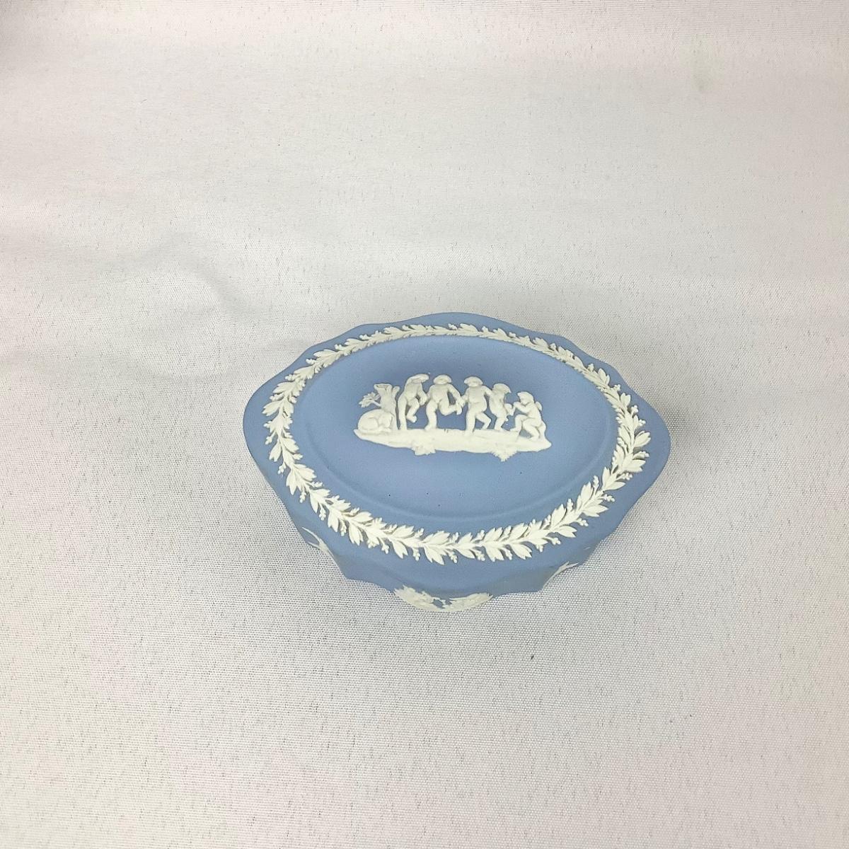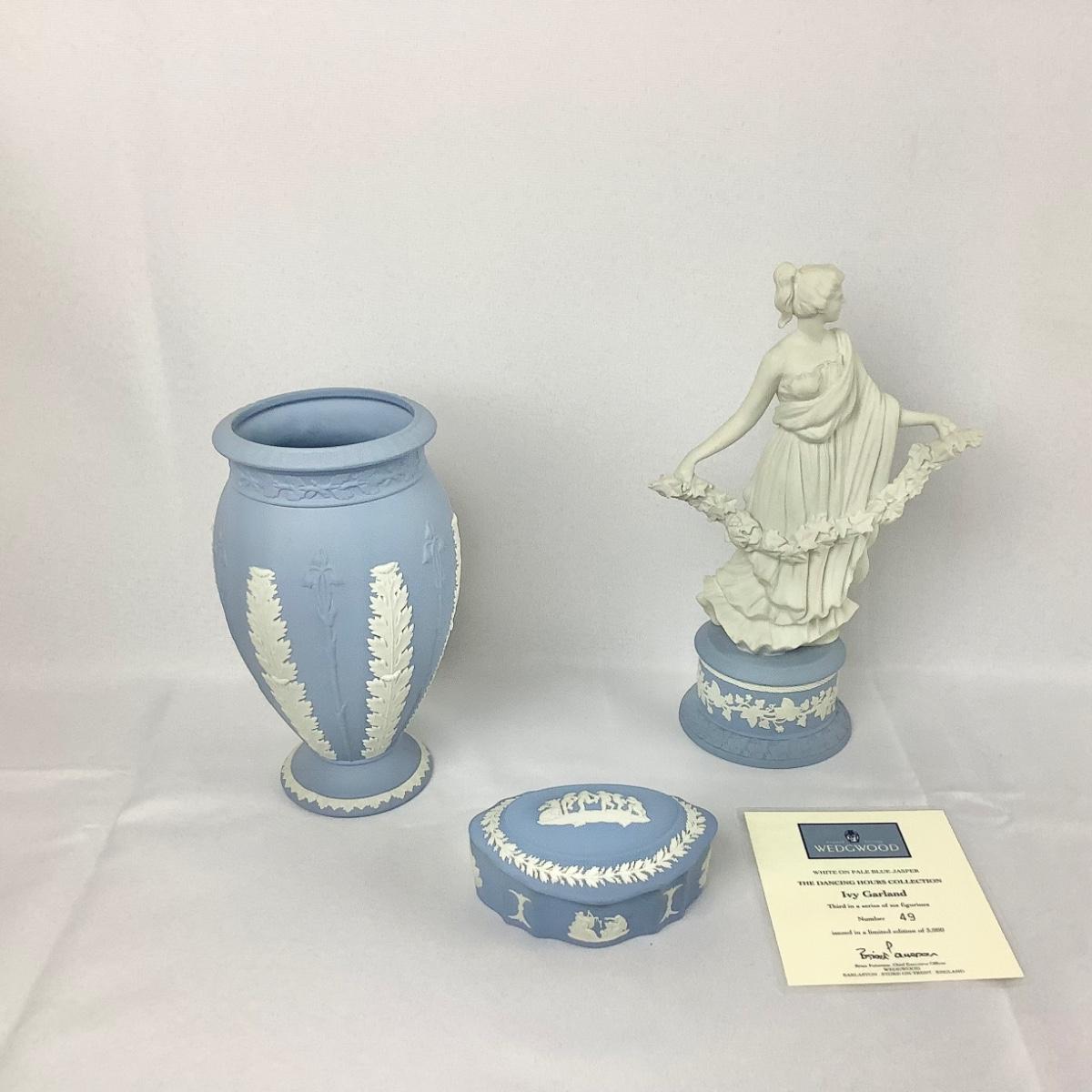 Lot 542 WEDGWOOD, Signed 1999 “ The Dancing Hours Collection “ Ivy Garland “ #49, Oval Trinket Box, Tall Vase
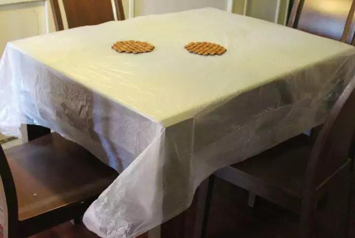 先在廚房窗戶上噴上清潔劑,再蓋上一層保鮮膜。
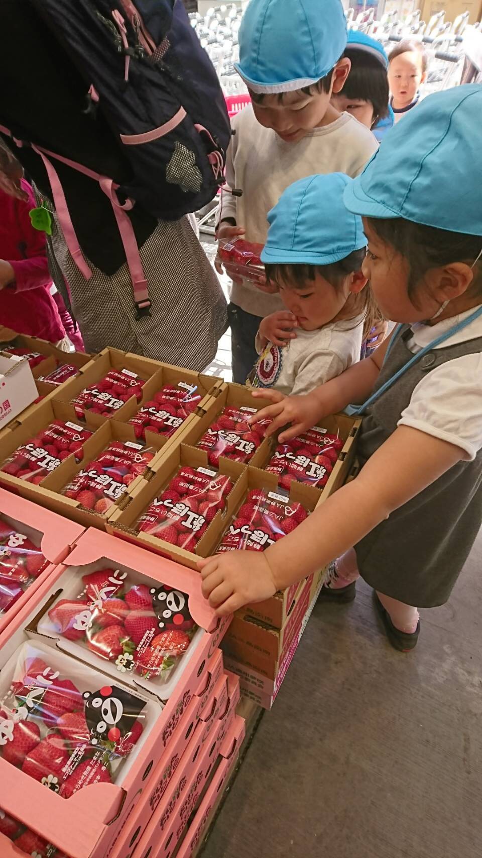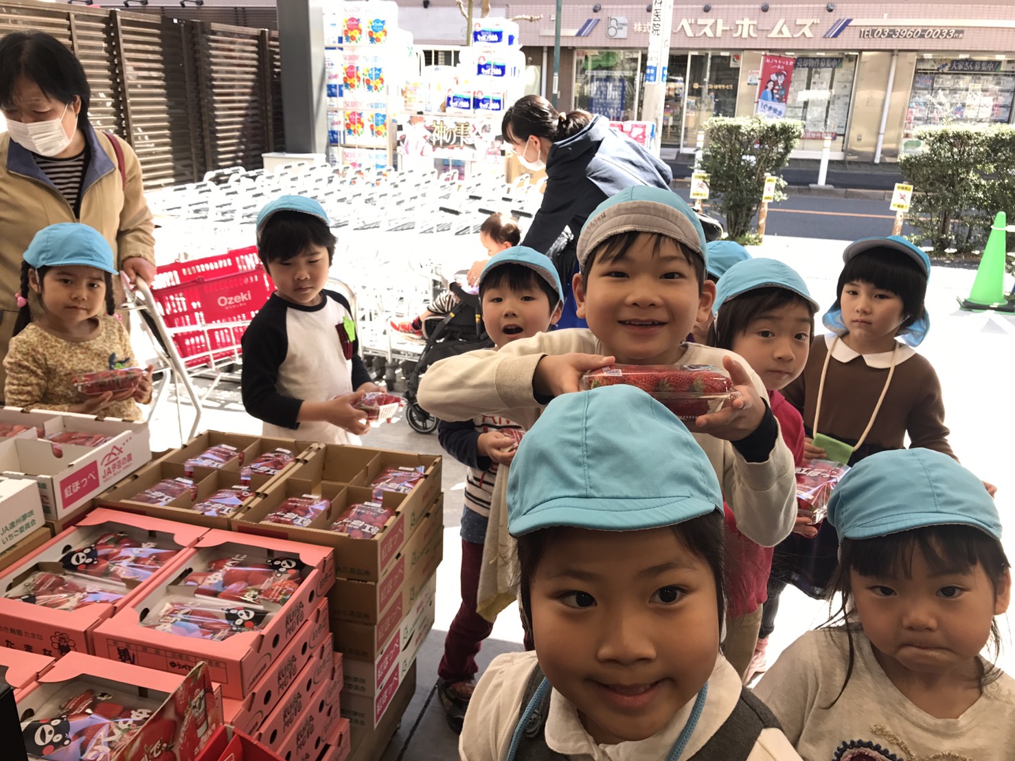 年長さくら組は、朝からお店にイチゴを買いに出かけました。自分たちでイチゴを選んで、お財布からお金を出してお支払い。上手にお買い物が出来ました。
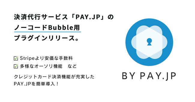 決済代行サービス「PAY.JP」を導入できる、ノーコードBubble用のプラグインを開発。Stripより安価な手数料、長期なオーソリなどクレジットカード決済機能が充実したPAY.JPを簡単に導入!

• _REQUIRED WORK_
Start at the first line and set down all of the data exactly, passing over the pictures.

• _SOLVED EXERCISE_
 Lot 542 WEDGWOOD, Signed 1999 “ The Dancing Hours Collection “ Ivy Garland “ #49, Oval Trinket Box, Tall Vase
 先在廚房窗戶上噴上清潔劑,再蓋上一層保鮮膜。
 年長さくら組は、朝からお店にイチゴを買いに出かけました。自分たちでイチゴを選んで、お財布からお金を出してお支払い。上手にお買い物が出来ました。
 決済代行サービス「PAY.JP」を導入できる、ノーコードBubble用のプラグインを開発。Stripより安価な手数料、長期なオーソリなどクレジットカード決済機能が充実したPAY.JPを簡単に導入!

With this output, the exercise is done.